Confidence is king in the real estate market. The difference between the top price and the bottom price a property might fetch can be hundreds of thousands of dollars- if not millions- depending on how confident buyers and sellers are.
A quick bit of research on property.com.au can highlight this difference. The REA Group website offers value estimates on homes with enough data available to do so, using the same metrics that a bank might use when carrying out a valuation. Property.com.au gives users three potential values for a home which reflect low, medium and high market confidence.
A search on a three-bedroom house in a popular suburb in Sydney’s northern beaches reveals just how stark the difference can be.
Property.com.au’s value estimate comes in at $2.85 million in a medium strength market. Either side of that figure, the site values the home at $2.27 million in a low confidence market and $3.45 million in a strong market.
That’s a difference of $1.18 million for the same house, based only on market mentality! The market is currently moving backwards quickly from the heady heights of the Covid boom, which means that a single year could cost a property seller more than $1 million. If that same person had sold at the top for $3.45 million however, they could have used that money to buy a much better property just a year later. That’s why timing the market is so integral to building wealth.
Investors have an advantage
Owner-occupiers don’t tend to make or lose a lot of money because they are usually buying and selling in the same market. They may score a big price when the market is pumping, but then they have to try and land a new property under the same conditions.
The ones who end up big winners are usually those moving from the city to the country to retire, or to raise a family mortgage free. They can make big windfalls, but it’s generally a one way ticket so they need to make sure they don’t intend to try to buy back into the city.
Investors on the other hand can buy properties in down markets, without having to sell first, or…well, ever.
For them, ‘timing the market’ is as important as ‘time in the market’.

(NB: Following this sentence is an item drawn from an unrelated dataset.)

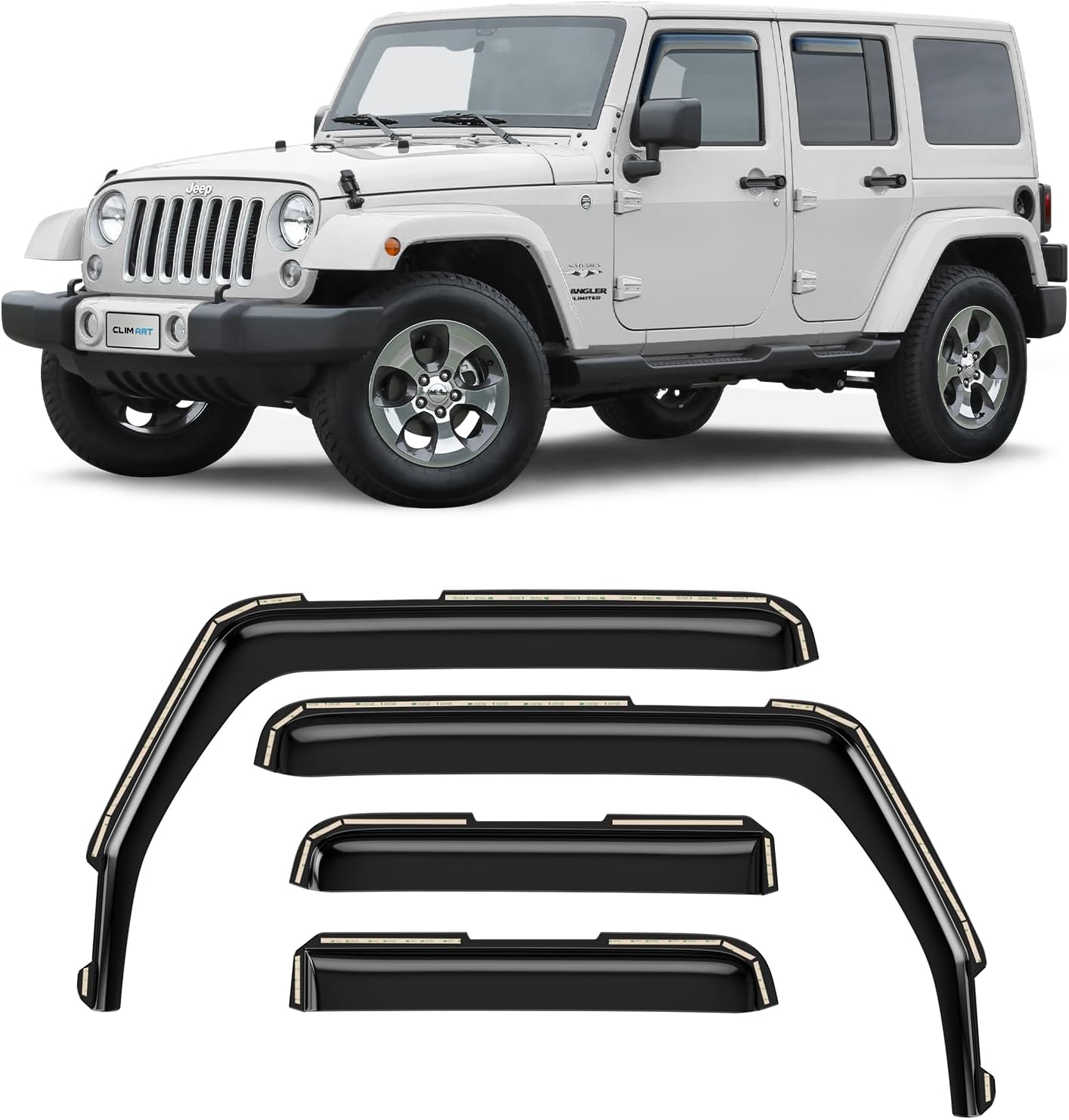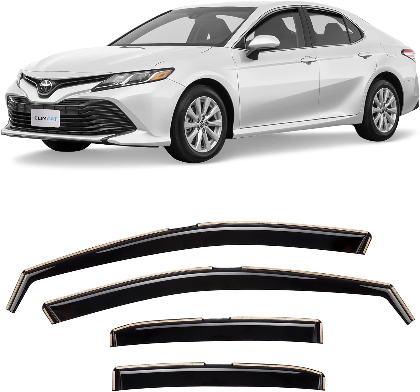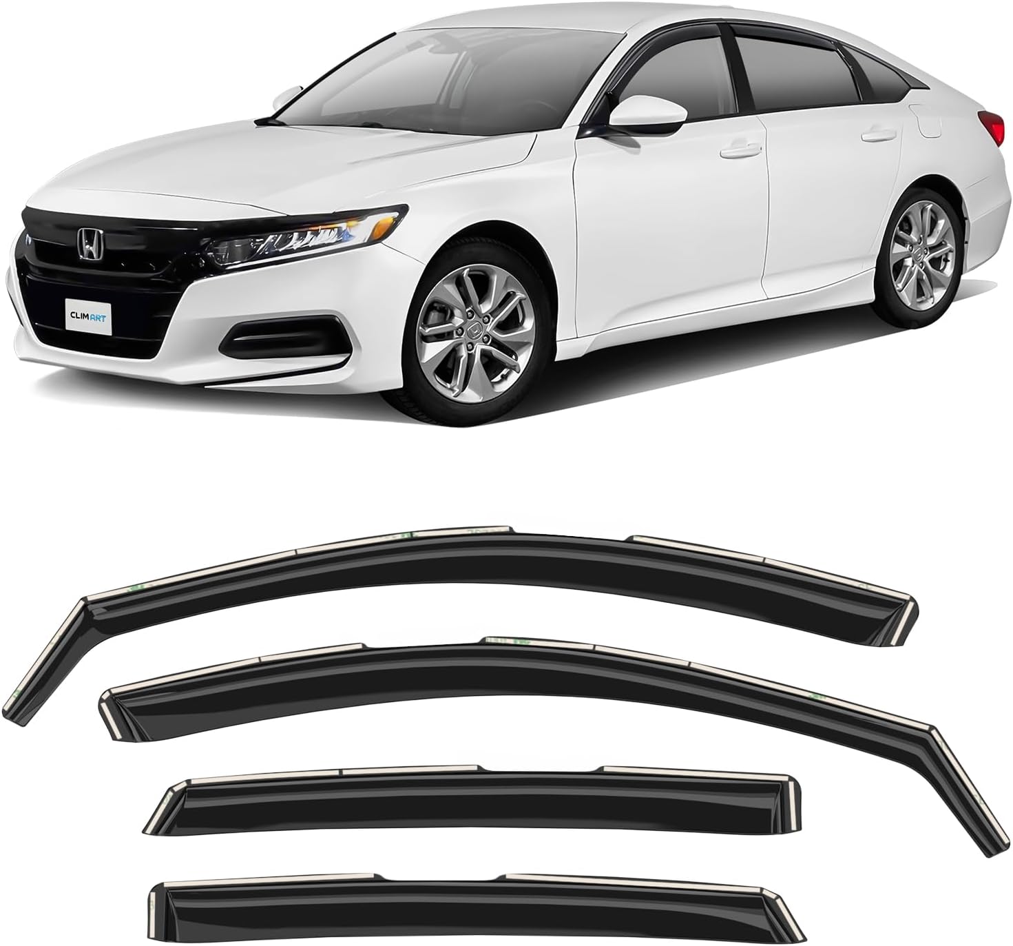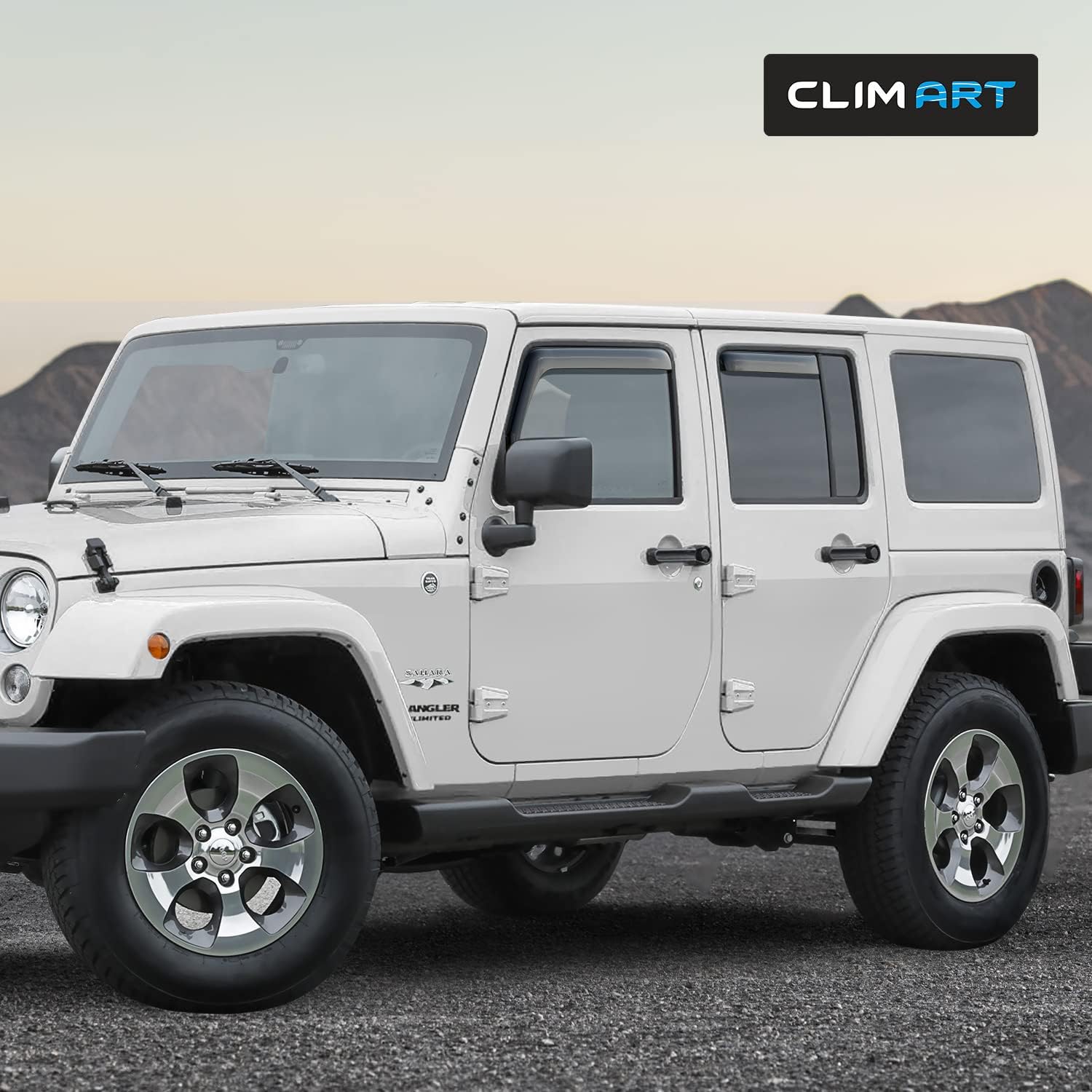 • MAKE CAR RIDES MORE ENJOYABLE — Open the windows and enjoy the breeze as you cruise around, without worrying about the noisy wind, chilly snow, annoying rain sprays/splashes, or the blazing sunshine with CLIM ART side window deflectors. Drive in STYLE & COMFORT with our car accessories - car window shields!

While holding property assets through multiple cycles leads to maximum equity growth and rental return over time, you can save yourself years by purchasing at the bottom of the market and selling at the top (though the preference would be not to sell at all unless it’s an integral part of your strategy).
Swap ‘sell’ for ‘refinance’
The most successful investors are people like b Invested founder Nathan Birch. Buying below market value is the first of is three main pillars for successful investment. As the market grows in its next cycle, he is able to access the money he has made as equity and leverage that into his next investment in a property at the bottom of a cycle in a different part of the country.
He is able to move his investment money from a market at the top of its confidence, to an area where he can pick up the same type of asset for significantly less. He doesn’t have to sell his properties to do so. He simply refinances them and uses his value gain as a deposit on the next venture.
Do an equity health check
As prices fall around Australia, now might be the time for an opportunity. Two years of big growth in most areas means bank valuations will still be relatively high. Rents are on the rise just about everywhere, so now is a great time to score a bargain on an asset that might be cashflow positive from the very beginning. It’s worth getting valuations done on your existing portfolio to see if you have some useable equity that you can leverage into a below market purchase.